The tree was enormous, rising so high above her that
she began to doubt that her wing could carry her that far. After a time, however, the mighty branches gave way to slimmer versions, and she soon spotted the twinkling lights of fairies. Not sure which one might be Oberon, she called out, “Father! I need to talk to you.”
Fairies swirled around Tamisin, then one that was brighter than the rest landed on the branch beside her. A moment later Oberon was full sized and looking tired and worried. “Tamisin, what are you doing here?” he asked. “You shouldn’t have come this close to the fighting. You do know that there’s a war going on, don’t you?”
“That’s just it,” said Tamisin as she settled on the branch. “This war doesn’t need to happen. There’s no reason for you to fight with Titania. I know how much you want to think that I’m your daughter, but it just isn’t true. Titania wasn’t lying when she said that my father was human. I have proof if you don’t believe me.”
Oberon frowned. “What kind of proof? Surely if your father were human, he’d no longer be alive.”
“He’s not, but I don’t need him to show you that I’m part human. I’ve had the proof with me all along. Look at my wings. They’re larger than a normal fairy’s, and I can fly long distances while I’m big. Which is good, because I can’t make myself shrink. And look here. My feet are bigger than a normal fairy’s.” She held one up and waggled it. “I’m not slender like a fairy, and if I ate as little as you do, I’d get sick.”
Oberon nodded slowly, glancing from her wings to her feet to her face.
“I tried to find ways that you and I were alike, but there wasn’t anything to find!”
“There may be some truth to what you’re saying,” Oberon told her. From the sound of his voice and the sadness in his eyes, it looked as if such an admission had been hard to make.
“Then please, please stop fighting with Titania! There’s no reason for this war to continue!”
“Yes, there is,” said Oberon, his expression hardening. “Titania hid your existence from me. I had to learn about you from others, which shamed me in their eyes. It’s a matter of honor. She must apologize to me, something I know she will not do. Besides, I cannot stop fighting until she does. I am simply defending my home.”

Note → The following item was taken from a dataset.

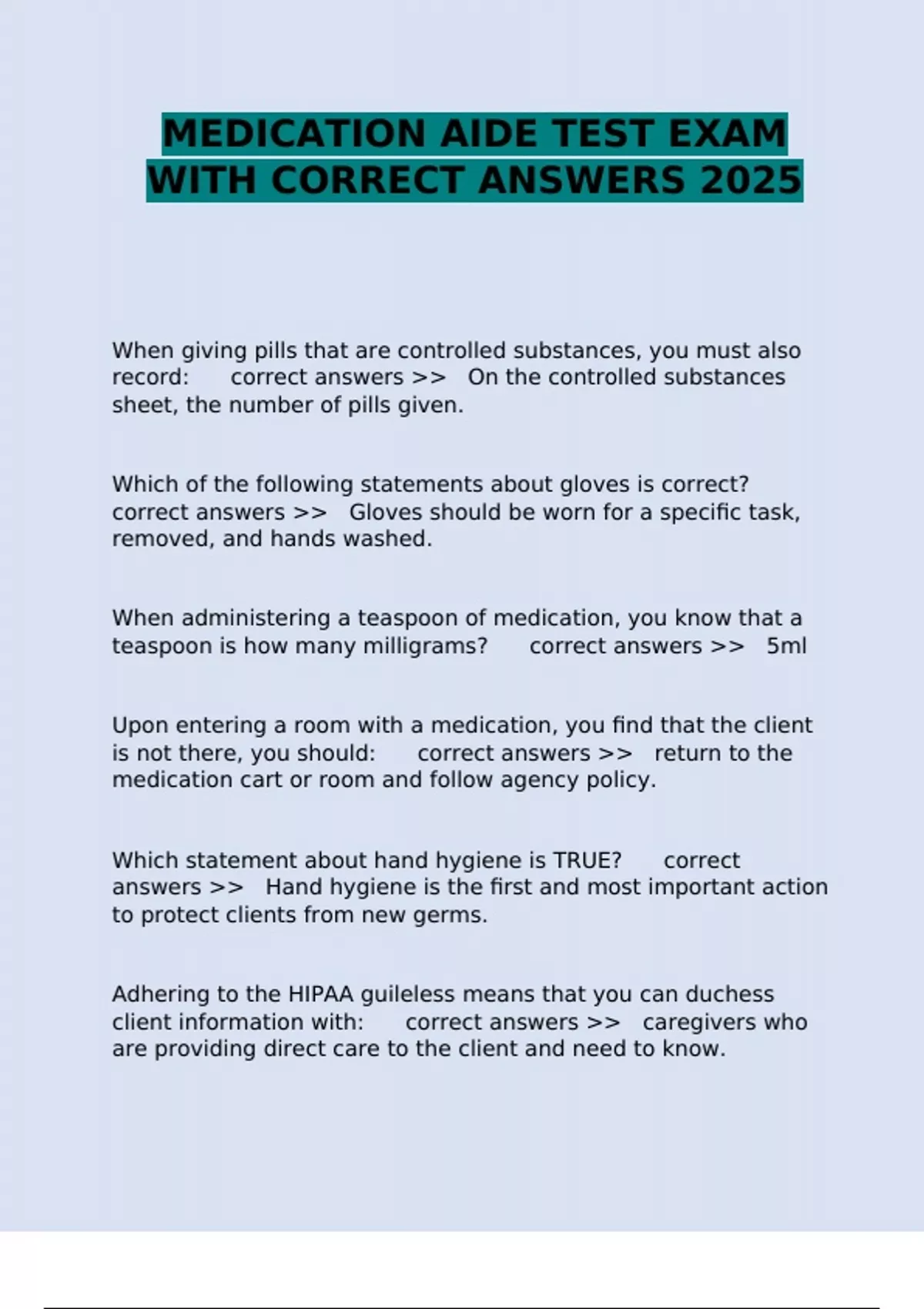 MEDICATION AIDE TEST EXAM WITH CORRECT ANSWERS 2025

A loud boom shook the air, and the sky lit up in a shower of crimson and purple. Although the colors faded away, Tamisin could still see their images when she closed her eyes. In the brief moment of brilliance, she had seen what Dasras had meant. She wasn’t quite at the top of the tree, but she was far above the other trees of the forest and could see for miles, including the northwest corner of the forest where the lights seemed to originate.

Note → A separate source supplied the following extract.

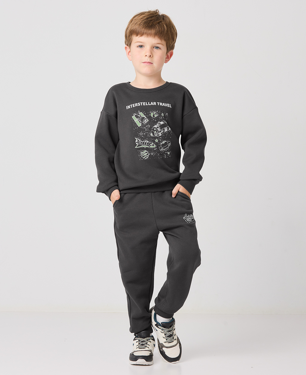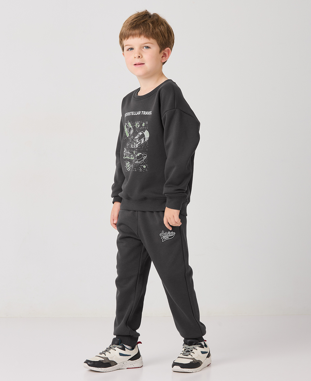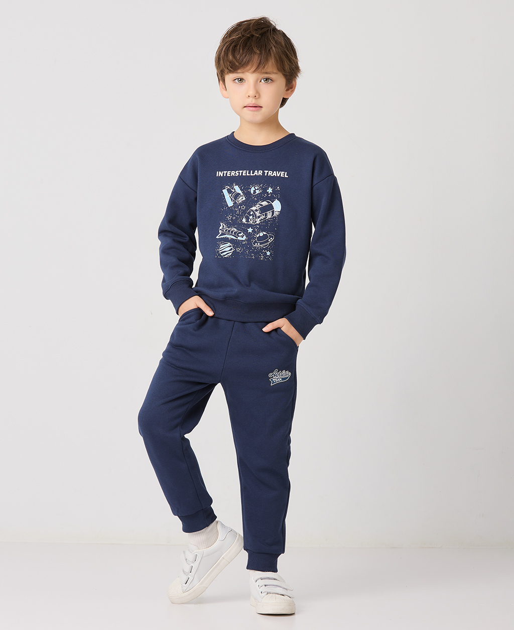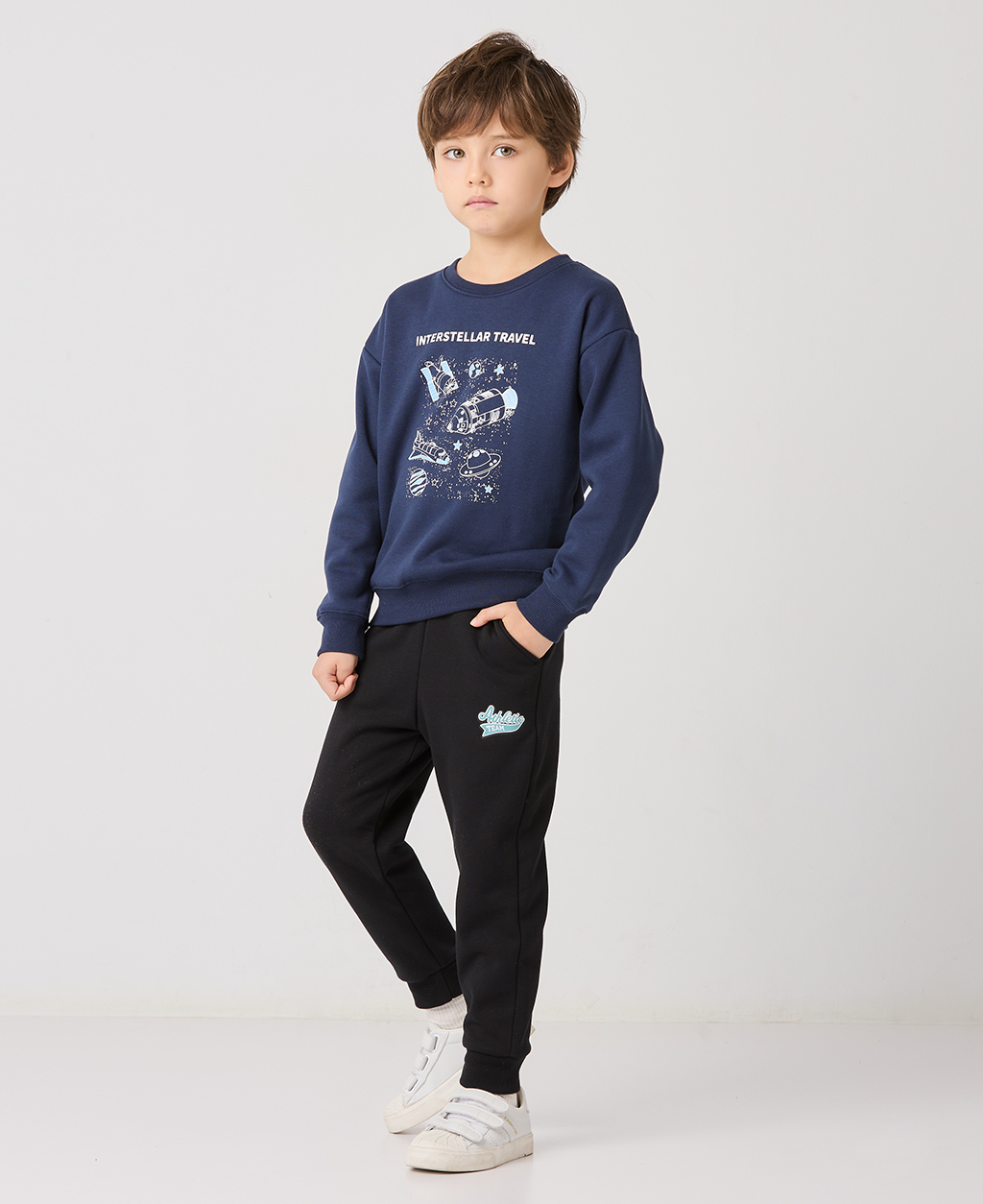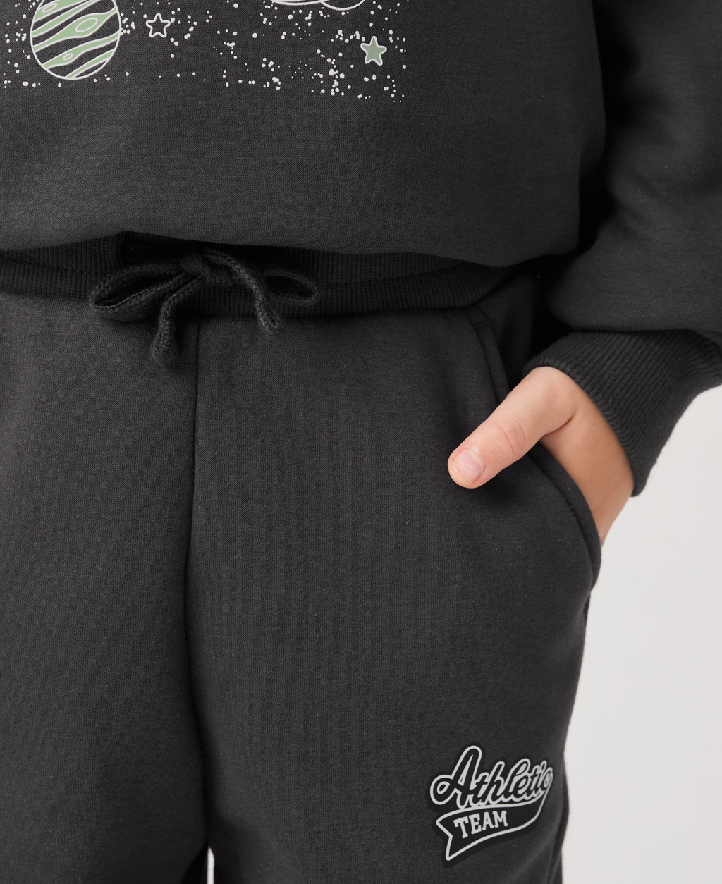 童刷毛基本印花長褲

Tamisin was gazing off to the far side of the forest when the flurry of fairies returned to swarm around Oberon. He nodded as they drew close. Turning to Tamisin, he said, “I must go. One of my warriors will take you to the glade where we first met. You’ll be safe there. We’ll talk more on my return.”
A moment later Oberon was small again, and then he
was gone, having flown off with the rest of the fairies. Only one fairy remained behind, but when Tamisin said, “You don’t need to escort me. I can find my own way,” that fairy left as well.
When Tamisin reached the base of the tree, her friends were still there, waiting. “He said that he can’t stop fighting until Titania does. And now he’s flown off! We’ll have to try to see Titania now. I don’t want people hurting each other because of me, especially when there’s really no reason to fight.”
“How do you expect to find her?” asked Malcolm.
“I saw where the lights were coming from,” Tamisin told them as she folded her wings and tucked them into the slits in her back. “It’s that way.”
Narlayna nodded when she saw where Tamisin pointed. “That’s the northwest corner,” said the ogress. “I passed through there when I came to Oberon’s forest. My father’s home is on the other side of the river.”
“Then you’re familiar with the land?” said Jak.
“Somewhat,” Narlayna told him.
Tamisin paused as another boom shook the ground and made the tree branches sway overhead. “Then you know it better than the rest of us,” she said, looking at the ogress. “You can lead the way.”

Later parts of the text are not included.